TEAM REPORT FROM NALERIGU MISSION: NOVEMBER 7-14, 2015
This was a good mission to the Baptist Medical Centre at Nalerigu in Northern Ghana. This mission was significant for the fact that the second Guido-Cordula Fellow, Dr Mohammed Bukari was a member of the team.
Team Leader: Chris Oppong
Members: Nazzia Mirza (Consultant Surgeon), Sandra Stanton (Theatre Nurse), Dr Mohammed Bukari (Surgical Registrar at Komfo Anokye Teaching Hospital).
Travel November 7, 2015
The team stayed overnight at the Baptist Guest House in Accra. The hour’s flight to Tamale, Ghana’s northern city, on the following day was seamless. This was followed by a 2-3 hour journey to Nalerigu in a hospital 4Wheel Drive vehicle. The road was in parts very bumpy!!!
Accommodation and food
We were provided with very good accommodation. Food was provided by a local chef who would do extremely well on the UK “master chef” TV programme. The accommodation is set in a leafy area of the hospital compound which also houses hospital staff. The morning walk from our accommodation to the hospital was an enjoyable experience. Wi-Fi was available in the “business office” but there were some issues with the network
We met with the whole of theatre team. This was to affirm each member of the theatre team and share our ethos for the week: team work to deliver quality treatment to as many patients as we can manage with compassion and efficiency. We were all encouraged to wear name bands to help with integration of the team and to break down barriers. The WHO check list was used in parts. The whole team worked as a family. The nurse anaesthetists were excellent. The theatre lead and all the staff were very cooperative.

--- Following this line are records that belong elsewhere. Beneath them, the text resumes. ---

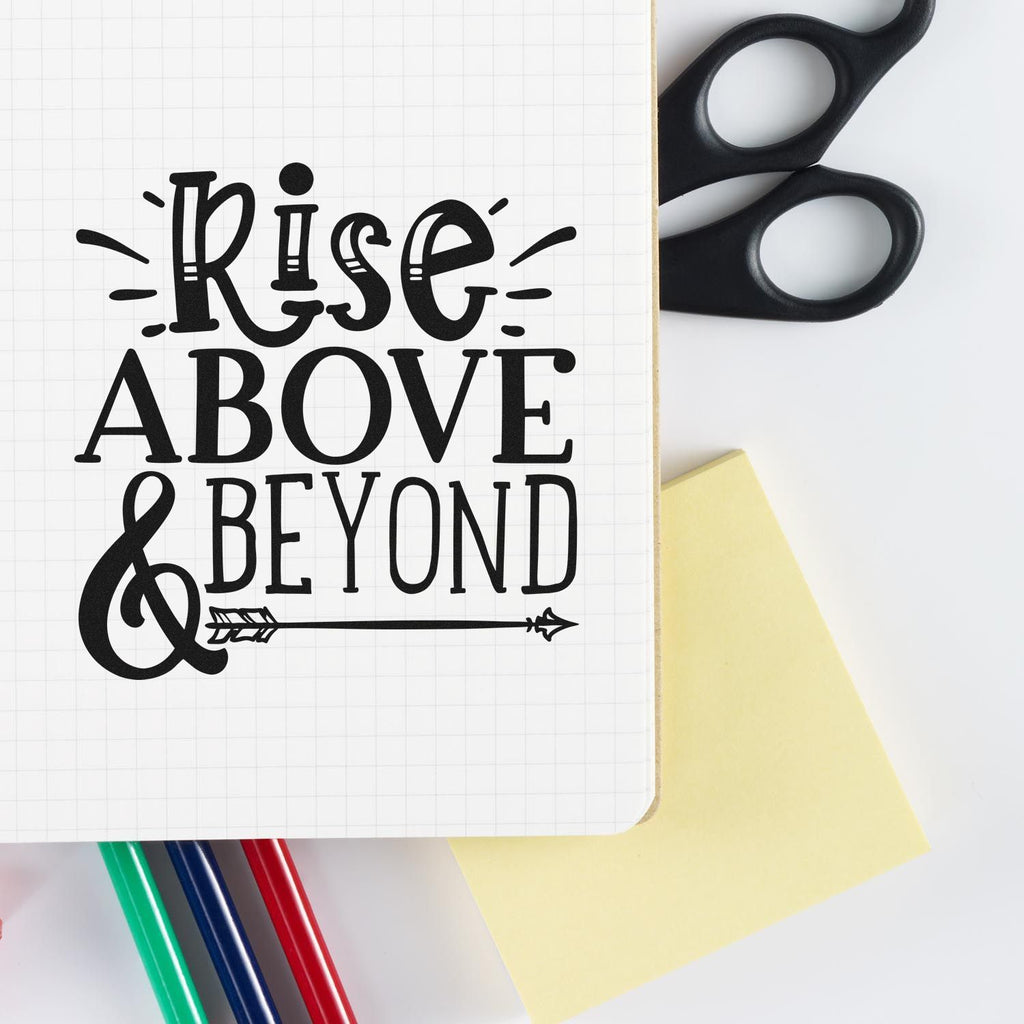 Tuck a spark of momentum into every moment with the Self-Inking Rise Above Mini Card Stamp—your pocket-ready push to aim higher and keep going. This 1-5/8 square stamp showcases a bold, hand-lettered “Rise Above” slogan that urges viewers to elevate and exceed expectations. Radiating lines and playful dots spotlight the central word, the ampersand subtly sings as a treble clef, and a sleek right-pointing arrow signals progress—an instant visual cue for ambition and action.
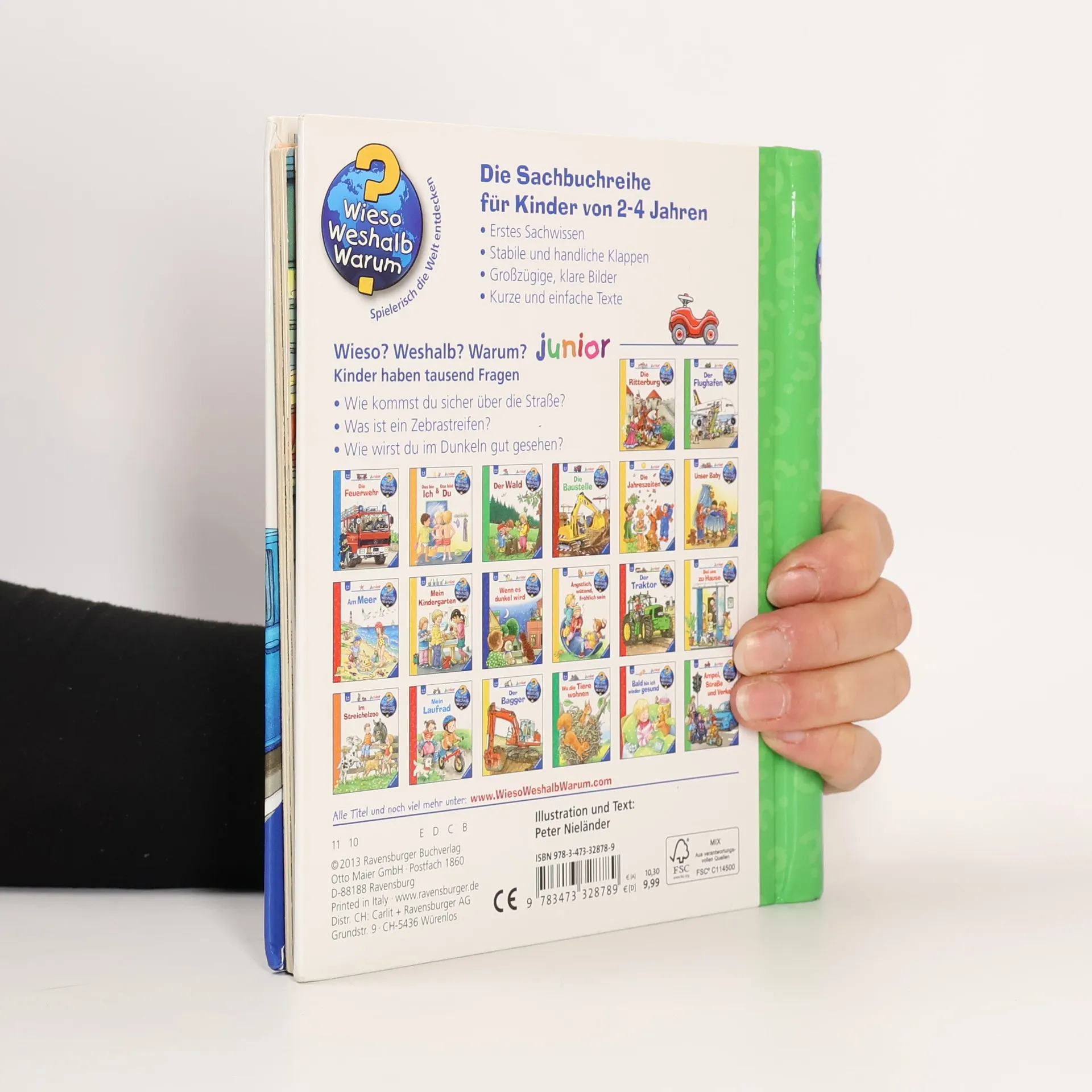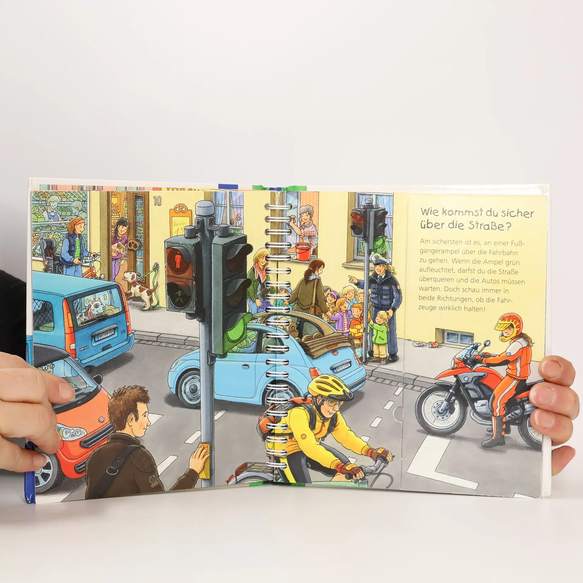 Wie überquert man eine Straße an einer Ampel oder einem Zebrastreifen? Wie wird man im Dunkeln gut gesehen? Kleine Kinder sind zwar noch nicht allein im Straßenverkehr unterwegs, trotzdem können sie in gefährliche Situationen geraten. Dieses Buch bringt ihnen anhand eindrücklicher Szenen und Bewegungsklappen die einfachsten Verhaltensregeln näher. Zum Abschluss können die Kinder in einem Richtig-Falsch-Quiz das Gelernte anwenden.
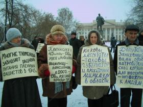 Сталинский НКВД был гуманней нынешней власти?24.01.2007 "Пленному в 45-м году – 130 гр. мяса и рыбы в день, тюменцу – песионеру в 2007г. – 136 гр. мясорыбопродуктов!" - таков был текст одного из плакатов 20 пикетчиков в Тюмени
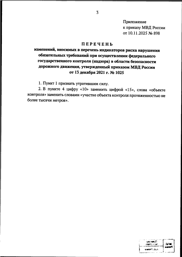 "О ВНЕСЕНИИ ИЗМЕНЕНИЙ В ПЕРЕЧЕНЬ ИНДИКАТОРОВ РИСКА НАРУШЕНИЯ ОБЯЗАТЕЛЬНЫХ ТРЕБОВАНИЙ ПРИ ОСУЩЕСТВЛЕНИИ ФЕДЕРАЛЬНОГО ГОСУДАРСТВЕННОГО КОНТРОЛЯ (НАДЗОРА) В ОБЛАСТИ БЕЗОПАСНОСТИ ДОРОЖНОГО ДВИЖЕНИЯ, УТВЕРЖДЕННЫЙ ПРИКАЗОМ МВД РОССИИ ОТ 13 ДЕКАБРЯ 2021 Г. N 1025"
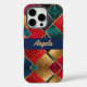 Rot, Gold, Mitternachtsblau und aquamarin vereinen sich zu einem reichhaltigen iPhone-Gehäuse. Schön und stilvoll. Personalisieren Sie mit Ihrem Namen in einer Mitternachtsblauen Band in der Mitte.
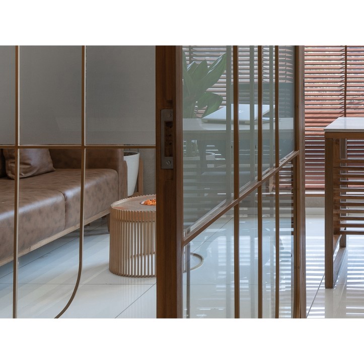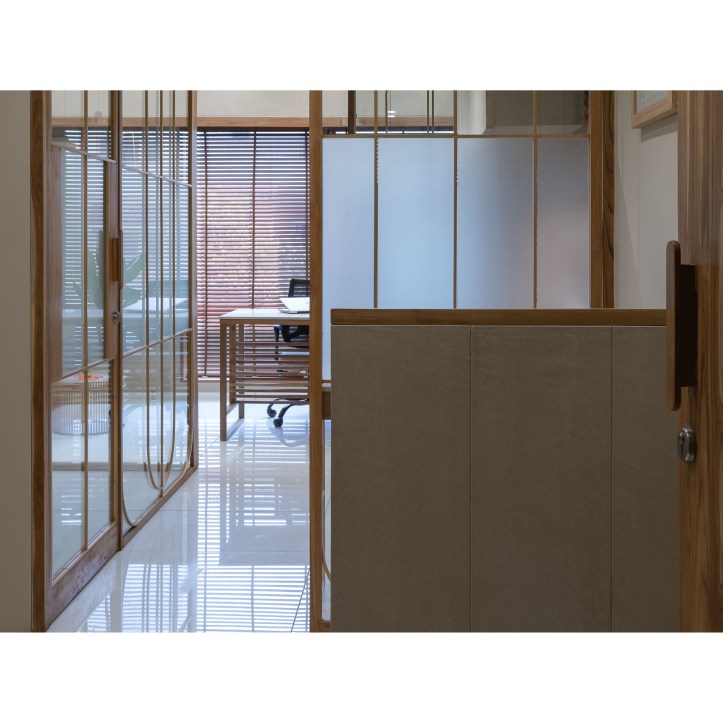 A curtain of horizontal wooden strips is designed in the middle space. A cocoon-like space with curve ceiling is created to enhance diversity in the continues linear space.
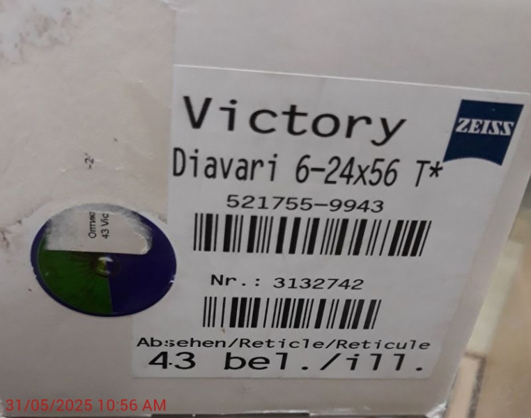 Schießsportausrüstung > Zieloptiken > Zielfernrohre Zielfernrohr Zeiss Victory Diavari 6-24x56TeGun-ID: 20301392
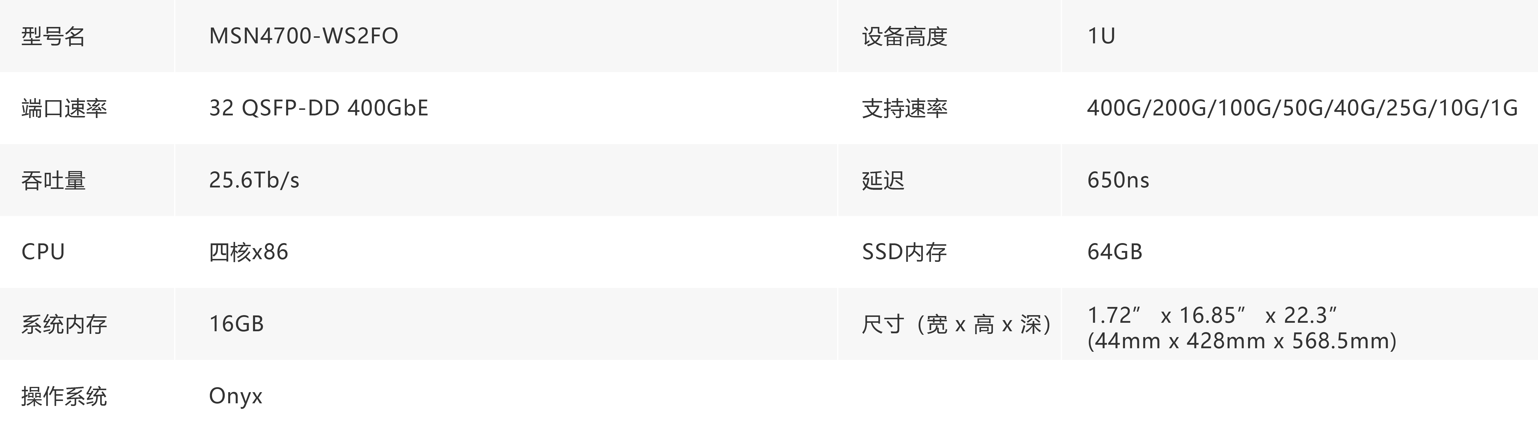 SN4700 骨干/超级骨干在紧凑的 1U 外形尺寸中提供 32 个 400GbE 端口。它能够以不同的速度连接到端点,并具有 25.6Tb/s 的吞吐量,以及8.4Bpps 处理能力。作为理想的主干解决方案,SN4700 具有最大的灵活性,每个端口的端口速度从 1GbE 到 400GbE。

The Fellow, Dr Bukari, was trained in mesh repair and performed 15 procedures independently in addition to 5 procedure performed assisted by a Consultant as part of his training.
Total number of procedures performed was 49 (Hernias 43, including 11 herniotomies in children (26% of hernia patients); Hydrocoeles 4; Lipoma 1; with one return to theatre. Many more patients would have attended for surgery with improved communication and organization.
We had only one early complication. A poorly nourished adult male became septic after repair of a large scrotal hernia. He was returned to theatre for evacuation of scrotal haematoma and made a good recovery.
A most important final event was a closing debrief meeting of all theatre staff and medical staff, including the Medical Director. There was an open, honest feedback from both the hernia team and the theatre staff. The highlights of the feedback were the following points:
1. The hard work of all team members was acknowledged and commended.
2. There is a need to improve communication with all hospital staff during the planning stages of future missions. This will facilitate better recruitment of patients.
3. Theatre requirements could be more effectively communicated to hernia team.
4. Decontamination and sterilization of diathermy pencils and cables was reviewed. It was agreed the pencils and cables would be cleaned with antiseptic and sterilised in antiseptic solution until required for surgery.
5. The hernia team thanked all the theatre and medical staff for the support received.
6. A group photograph was taken to remember the mission.